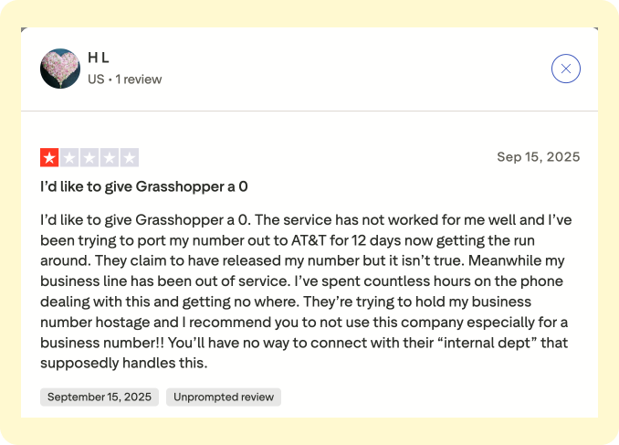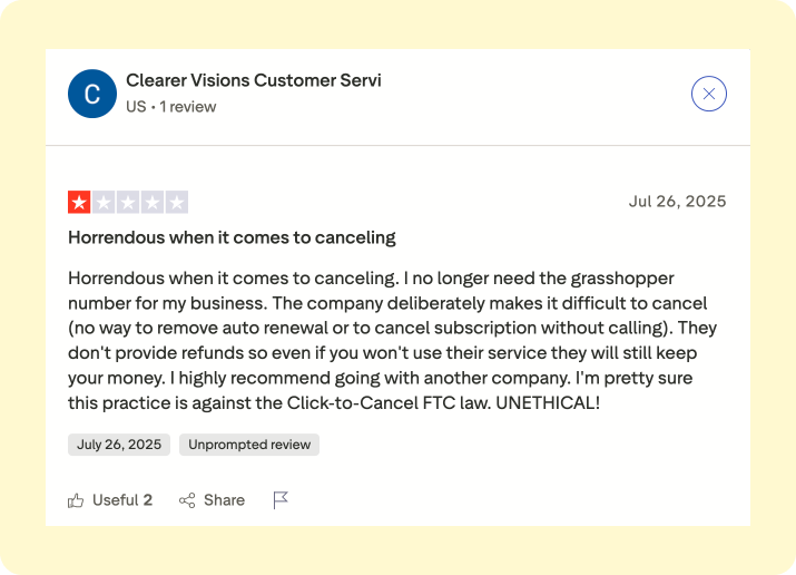 - Grasshopper on the other hand, has a score of 2 out of 5 on Trustpilot with frequent complaints about billing, cancellations, and unhelpful support.
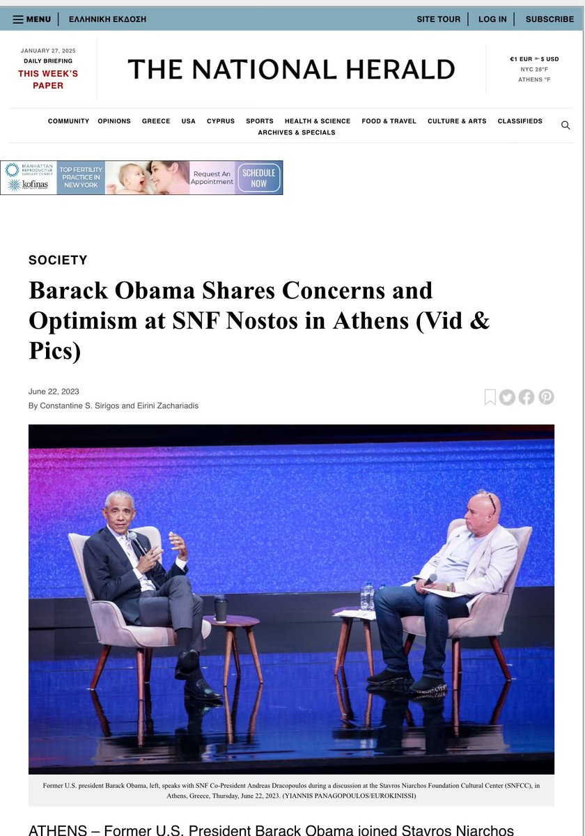 Obama’s presidential library has a wing funded by SNF (remember this is Greek dollars):
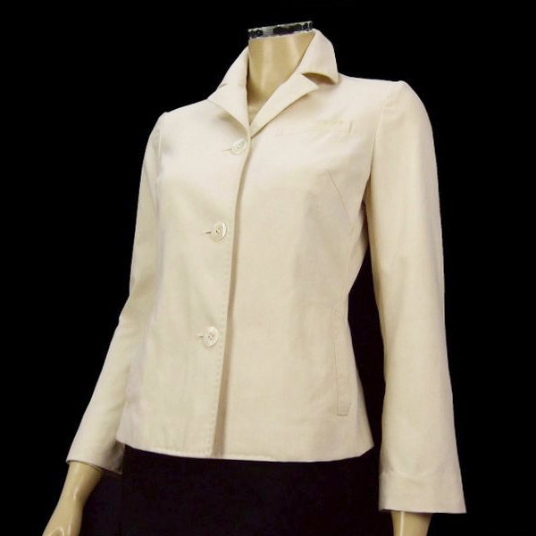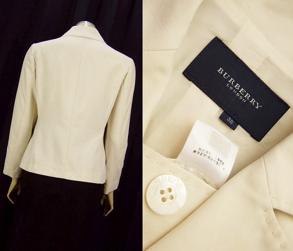 JK)美品*バーバリーロンドン BURBERRY LONDON 三陽商会★極淡ベージュ×ハンドステッチ★ロゴ刻ボタン留★綺麗ジャケット★38(9号 Mサイズ
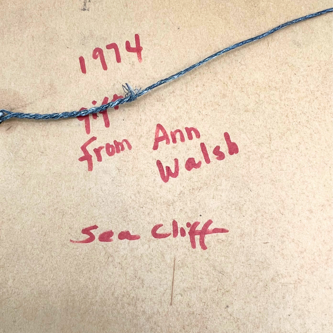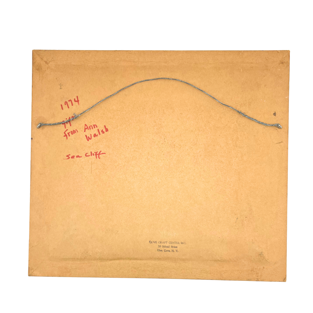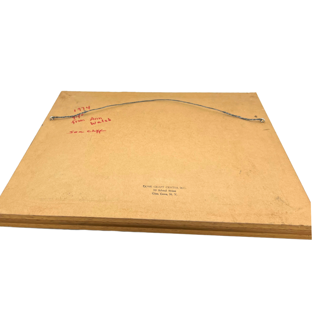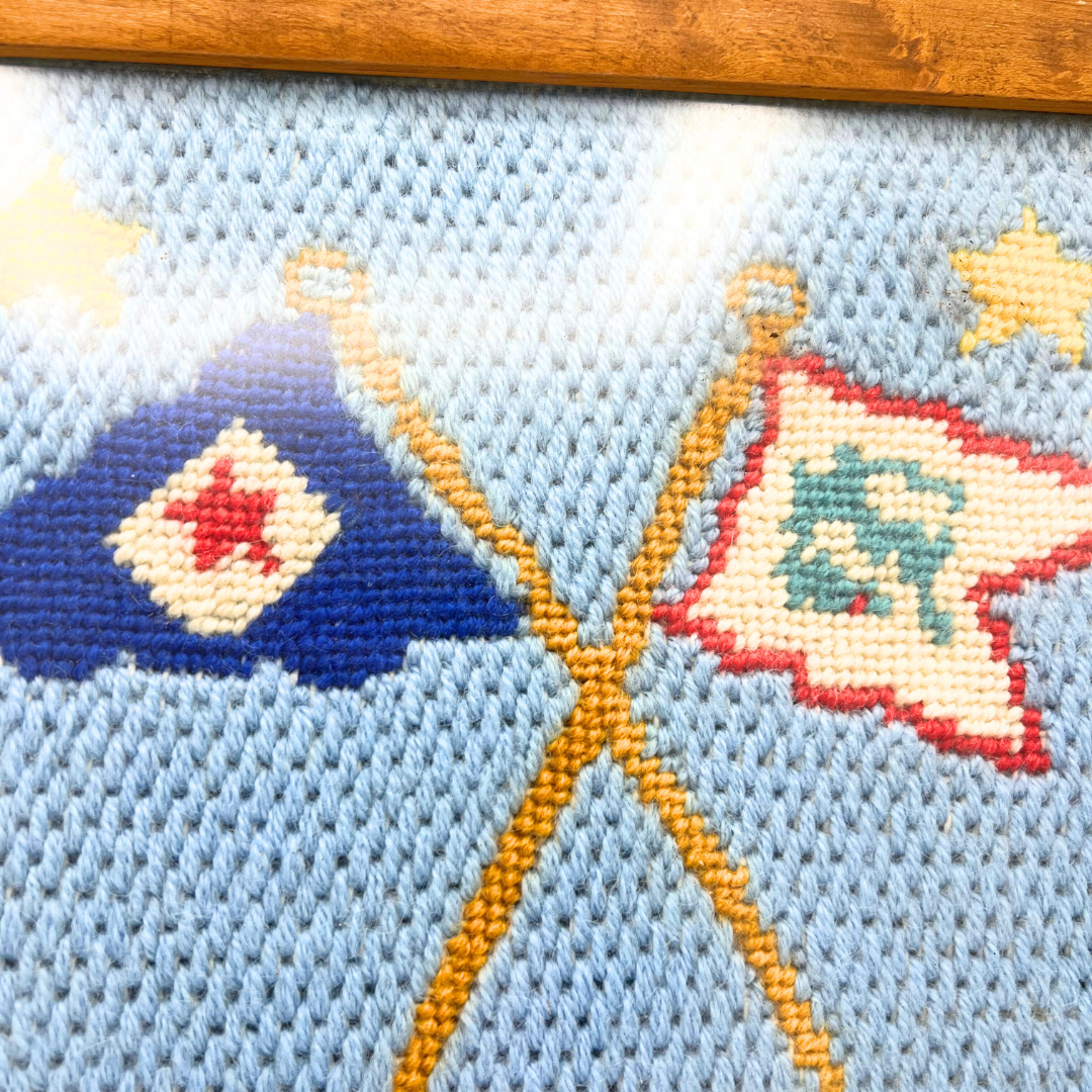 Framed needlepoint dated 1974. Two burgees - associations unknown. Nautical flags read SCYC x VWB. Some wear consistent with age. Measures 16" x 14.25".

------------------------

▶ [What this task involves]: Without any pictures, repeat the listing exactly.

▶ [Response to this task]:
 - Grasshopper on the other hand, has a score of 2 out of 5 on Trustpilot with frequent complaints about billing, cancellations, and unhelpful support.
 Obama’s presidential library has a wing funded by SNF (remember this is Greek dollars):
 JK)美品*バーバリーロンドン BURBERRY LONDON 三陽商会★極淡ベージュ×ハンドステッチ★ロゴ刻ボタン留★綺麗ジャケット★38(9号 Mサイズ
 Framed needlepoint dated 1974. Two burgees - associations unknown. Nautical flags read SCYC x VWB. Some wear consistent with age. Measures 16" x 14.25".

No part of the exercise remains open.